Model Prediction Format

We also provide the predictions of BERT, RoBERTa, XLNet, BART, ALBERT, DistilBERT on SNLI, MNLI, and alphaNLI. The data can also be found in data/model_predictions.

// ChaosNLI-alphaNLI 'data/model_predictions/model_predictions_for_abdnli.json'
{
    "bert-base": 
        {
            "58090d3f-8a91-4c89-83ef-2b4994de9d241":    // Notices: the order in "logits" matters and should always be [1, 2]
                {"uid": "58090d3f-8a91-4c89-83ef-2b4994de9d241", "logits": [17.921875, 22.921875], "predicted_label": 2},
            "91f9d1d9-934c-44f9-9677-3614def2874b2":
                {"uid": "91f9d1d9-934c-44f9-9677-3614def2874b2", "logits": [-10.7421875, -15.8671875], "predicted_label": 1},
            ...... // Predictions for other examples
        }
    "bert-large":
        {
            "58090d3f-8a91-4c89-83ef-2b4994de9d241": 
                {"uid": "58090d3f-8a91-4c89-83ef-2b4994de9d241", "logits": [26.046875, 26.234375], "predicted_label": 2}, 
            "91f9d1d9-934c-44f9-9677-3614def2874b2": 
                {"uid": "91f9d1d9-934c-44f9-9677-3614def2874b2", "logits": [-19.484375, -24.21875], "predicted_label": 1},
            ...... // Predictions for other examples
        }
    ......  // Prediction for other models
}

// ChaosNLI-(S+M)NLI 'data/model_predictions/model_predictions_for_snli_mnli.json'
{   "bert-base": 
        {
            "4705552913.jpg#2r1n":                      // Notices: the order in "logits" matters and should always be [E, N, C]
                {"uid": "4705552913.jpg#2r1n", "logits": [-2.0078125, 4.453125, -2.591796875], "predicted_label": "neutral"}, 
            "4705552913.jpg#2r1e": 
                {"uid": "4705552913.jpg#2r1e", "logits": [3.724609375, -0.66064453125, -2.443359375], "predicted_label": "entailment"},
            ......  // Predictions for other examples
        },
    "bert-large": 
        {
            "4705552913.jpg#2r1n":                      // Notices: the order in "logits" matters and should always be [E, N, C]
                {"uid": "4705552913.jpg#2r1n", "logits": [-2.0234375, 4.67578125, -2.78515625], "predicted_label": "neutral"}, 
            "4705552913.jpg#2r1e": 
                {"uid": "4705552913.jpg#2r1e", "logits": [3.39453125, -0.673828125, -3.080078125], "predicted_label": "entailment"},
            ......  // Predictions for other examples
        },
     ......  // Prediction for other models

Results

How to reproduce the results on the paper?

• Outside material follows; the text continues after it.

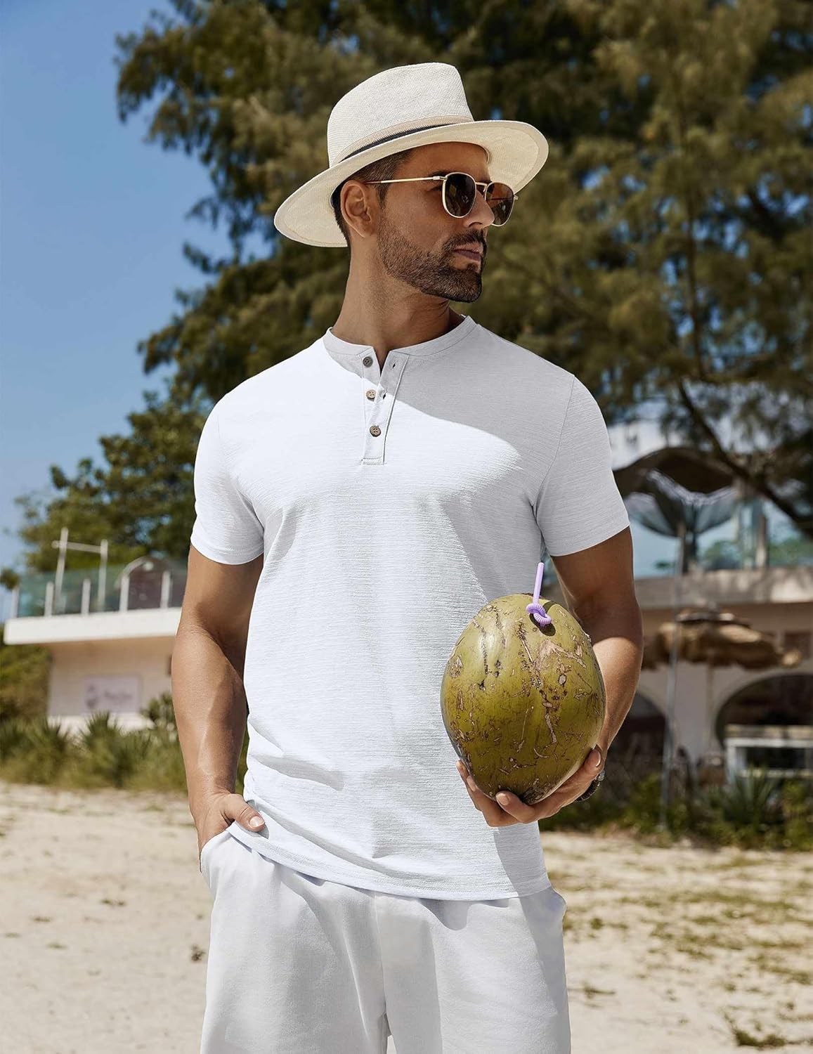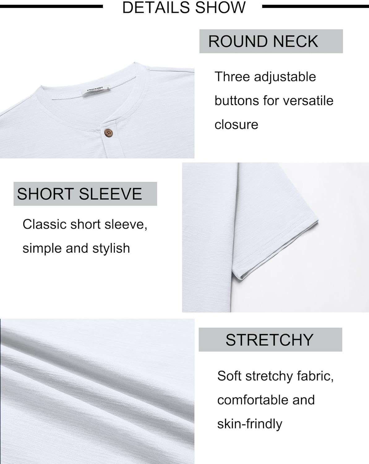 Mens Henley Shirts Short Sleeve Casual Stylish Tshirt Lightweight Summer Basic Tee Tops

To reproduce the results, simply run the following script:

source setup.sh
python src/evaluation/model_pref.py

The outputs should match with all the numbers in the table of the paper.

Load Jsonl: /Users/yixin/projects/released_codebase/chaos_nli/data/chaosNLI_v1.0/chaosNLI_alphanli.jsonl
1532it [00:00, 54898.24it/s]
------------------------------------------------------------
Data: ChaosNLI - Abductive Commonsense Reasoning (alphaNLI)
All Correct Count: 930
Model Name          	JSD       	KL        	Old Acc.  	New Acc.
bert-base           	0.3209    	3.7981    	0.6527    	0.6534
xlnet-base          	0.2678    	1.0209    	0.6743    	0.6867
roberta-base        	0.2394    	0.8272    	0.7154    	0.7396
bert-large          	0.3055    	3.7996    	0.6802    	0.6821
xlnet-large         	0.2282    	1.8166    	0.814     	0.8133
roberta-large       	0.2128    	1.3898    	0.8531    	0.8368
bart-large          	0.2215    	1.5794    	0.8185    	0.814
albert-xxlarge      	0.2208    	2.9598    	0.844     	0.8473
distilbert          	0.3101    	1.0345    	0.592     	0.607
------------------------------------------------------------
Load Jsonl: /Users/yixin/projects/released_codebase/chaos_nli/data/chaosNLI_v1.0/chaosNLI_snli.jsonl
1514it [00:00, 71640.88it/s]
------------------------------------------------------------
Data: ChaosNLI - Stanford Natural Language Inference (SNLI)
All Correct Count: 1063
Model Name          	JSD       	KL        	Old Acc.  	New Acc.
bert-base           	0.2345    	0.481     	0.7008    	0.7292
xlnet-base          	0.2331    	0.5121    	0.7114    	0.7365
roberta-base        	0.2294    	0.5045    	0.7272    	0.7536
bert-large          	0.23      	0.5017    	0.7266    	0.7384
xlnet-large         	0.2259    	0.5054    	0.7431    	0.7807
roberta-large       	0.221     	0.4937    	0.749     	0.7867
bart-large          	0.2203    	0.4714    	0.7424    	0.7827
albert-xxlarge      	0.235     	0.5342    	0.7153    	0.7814
distilbert          	0.2439    	0.4682    	0.6711    	0.7021
------------------------------------------------------------
Load Jsonl: /Users/yixin/projects/released_codebase/chaos_nli/data/chaosNLI_v1.0/chaosNLI_mnli_m.jsonl
1599it [00:00, 50454.33it/s]
------------------------------------------------------------
Data: ChaosNLI - Multi-Genre Natural Language Inference (MNLI)
All Correct Count: 816
Model Name          	JSD       	KL        	Old Acc.  	New Acc.
bert-base           	0.3055    	0.7204    	0.5991    	0.5591
xlnet-base          	0.3069    	0.7927    	0.6373    	0.5891
roberta-base        	0.3073    	0.7807    	0.6391    	0.5922
bert-large          	0.3152    	0.8449    	0.6123    	0.5691
xlnet-large         	0.3116    	0.8818    	0.6742    	0.6185
roberta-large       	0.3112    	0.8701    	0.6742    	0.6354
bart-large          	0.3165    	0.8845    	0.6635    	0.5922
albert-xxlarge      	0.3159    	0.862     	0.6485    	0.5897
distilbert          	0.3133    	0.6652    	0.5472    	0.5103
------------------------------------------------------------

To examine the factor of human agreement on model performance, check out this informative jupyter-notebook to find the partitioned results according to the entropy range.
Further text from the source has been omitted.